Однажды Скобелев отправился осмотреть передовые позиции. В сопровождении нескольких офицеров, перейдя Брсстовецккй лог, он только стал подниматься на окрестные холмы, как увидел бегущих солдат Владимирского полка. Некоторые были с ружьями, некоторые без них.
- Это что такое? - закричал Скобелев. - Стой! - Что это за безобразие? Где офицер?
Подошел испуганный офицер и взял под козырек.
- Объясните, что это значит? - обратился к нему генерал.
- Ваше превосходительство! Турки открыли такой огонь, что нагнали панику на солдат. Мы ничего не могли с ними поделать! - смущенно оправдывался офицер.

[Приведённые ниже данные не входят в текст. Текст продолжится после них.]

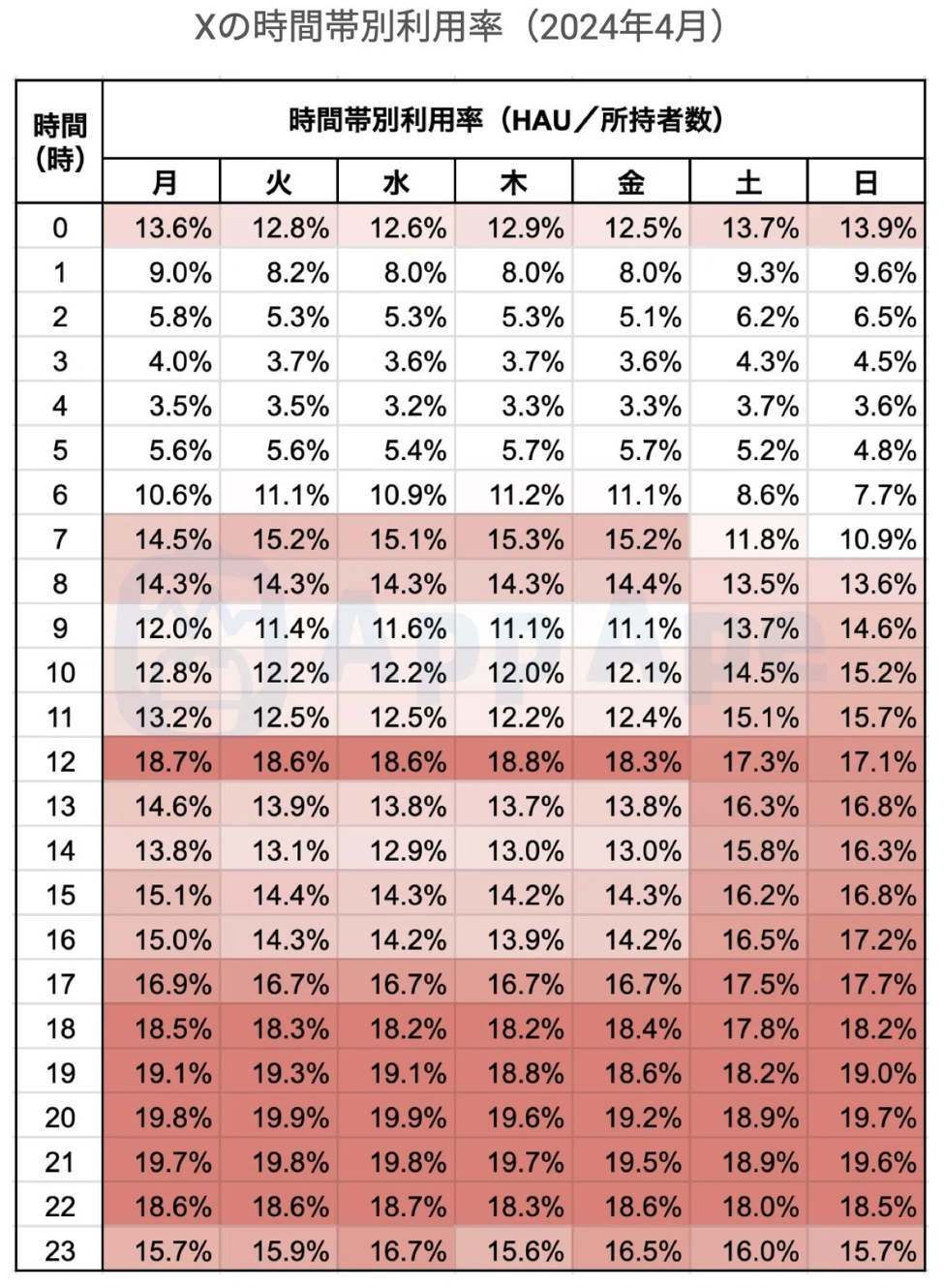 アプリ分析メディア「App Ape Lab」が解析した情報によると、Xの時間帯別利用率は次のような傾向があるとされています。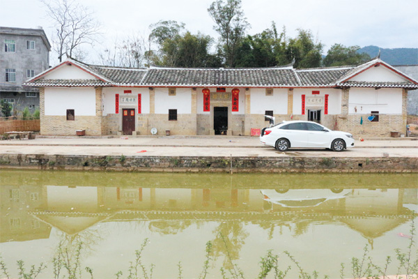 暮色中,完成外立面改造的纘先樓在樓前池塘倒影下顯得格外巍峨,尤其是樓前的大紅對聯“迎春接福萬事勝意”把整棟樓裝扮得很是喜慶。像這樣完成外立面改造的舊民居,北坑村有上十處。張仕強說,這外立面改造,全村村民很支持,外立面改造工程農戶100%參與。

- Как вам не стыдно, - загремел Скобелев, - у вас самолюбия нет! Вы своего долга не знаете. Стыдитесь, молодой человек!
Подошло еще несколько человек. Скобелев пристыдил и их и лишь после этого обратился спокойно и даже ласково к солдатам.
- Нехорошо, ребята! - заговорил он. - Вы забыли присягу, данную государю: живота не щадить. Смотрите, загладьте скорее свою страшную вину, иначе я не хочу вас знать, не буду вами командовать. Будьте молодцами. Господа офицеры! Соберите ваших людей, разберитесь по ротам и в порядке идите обратно в траншеи.
Сконфуженные солдаты возвратились и под страшным огнем турок докончили работу.
Суровый, величаво-холодный, грозный в бою, в дни отдыха Скобелев был товарищески нежен с подчиненными. Иногда казалось, будто он в лицо знает всех солдат, по крайней мере своей прославленной 16-й дивизии.
Сослуживцы вспоминали такие случаи. Идет по лагерю генерал, навстречу ему пробирается сторонкой солдатик, стараясь всеми силами не попасться на глаза.
Вдруг оклик:
- Эй, нижний чин, стой!
Солдатик ни жив ни мертв останавливается и вытягивается в струнку перед корпусным.
- Петров? - слышит он голос несколько картавящего генерала.
- Никак нет, ваше превосходительство, Степанов!
- Ах, да, Степанов, как я это позабыть мог, братец... Ведь мы с тобою плевненские.
- Так точно, ваше превосходительство!
- Да, да, помню, в траншеях вместе были... Что, Степанов, поди, по деревне скучаешь? Поди, родители там остались?..
- Так точно, ваше превосходительство! Отец с матерью...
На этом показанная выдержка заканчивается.